Portkey was solid but the self-hosted version lagged their managed offering in feature parity. LiteLLM's killer feature for our team was richer support for custom cost-tracking callbacks. We still use those for finance reporting.
What we used Bifrost for
Three things, specifically.
Fallback routing. When OpenAI returns 429, the request goes to Anthropic with the equivalent model. Our agent code never knows. Docs at https://docs.getbifrost.ai/features/retries-and-fallbacks.
Semantic caching. For our evaluation harness specifically. We replay 18,000 prompts against new model versions nightly. Cache hit rate is 73% because the evaluation suite asks the same questions repeatedly. That's around 13k requests we don't pay for each night. Reference: https://docs.getbifrost.ai/features/semantic-caching.
Prometheus metrics. Native export. We already had a Prom stack. Five-minute integration. The default dashboards aren't great but the metrics themselves are useful. Reference: https://docs.getbifrost.ai/features/observability/default.
What we did not use
MCP gateway, governance, SSO. Our auth sits in front of the gateway, not inside it. The custom plugins interface looked interesting but we haven't needed one yet.
Trade-offs and Limitations
Bifrost is younger than LiteLLM. The provider list is wide (23+) but if you need a niche provider, check the docs first. The plugin interface is straightforward so you can add one yourself, but that's still work.
The web UI is decent for initial setup, not where you want to be doing complex governance.

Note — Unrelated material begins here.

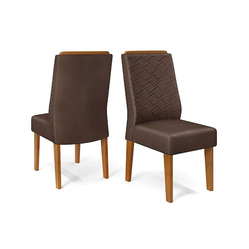 Características: Estrutura em MDF/ MDP Encosto levemente inclinado com bordado Sapatas deslizadoras Espaldar usinado em MDF Densidade da espuma do assento D20 / Encosto D13 Suporta até 130 kg

Configure things in YAML and version them in git like anything else.
If you're already deep in LiteLLM and using its callback ecosystem, migration cost is real. LiteLLM has more community integrations because it's been around longer. Portkey is also a fine choice if you want a managed control plane and don't want to operate a gateway yourself. Pick based on what your team will actually maintain.
Last caveat. The numbers above are from our workload. Your traffic shape will differ. Run the test yourself before deciding.
Further Reading
- Bifrost retries and fallbacks: https://docs.getbifrost.ai/features/retries-and-fallbacks
- Bifrost semantic caching: https://docs.getbifrost.ai/features/semantic-caching
- Bifrost observability: https://docs.getbifrost.ai/features/observability/default
- Bifrost provider configuration: https://docs.getbifrost.ai/quickstart/gateway/provider-configuration
- Bifrost source: https://github.com/maximhq/bifrost
The model is the easy part. Routing it under failure is the hard part. Spend the time on the boring infrastructure problem.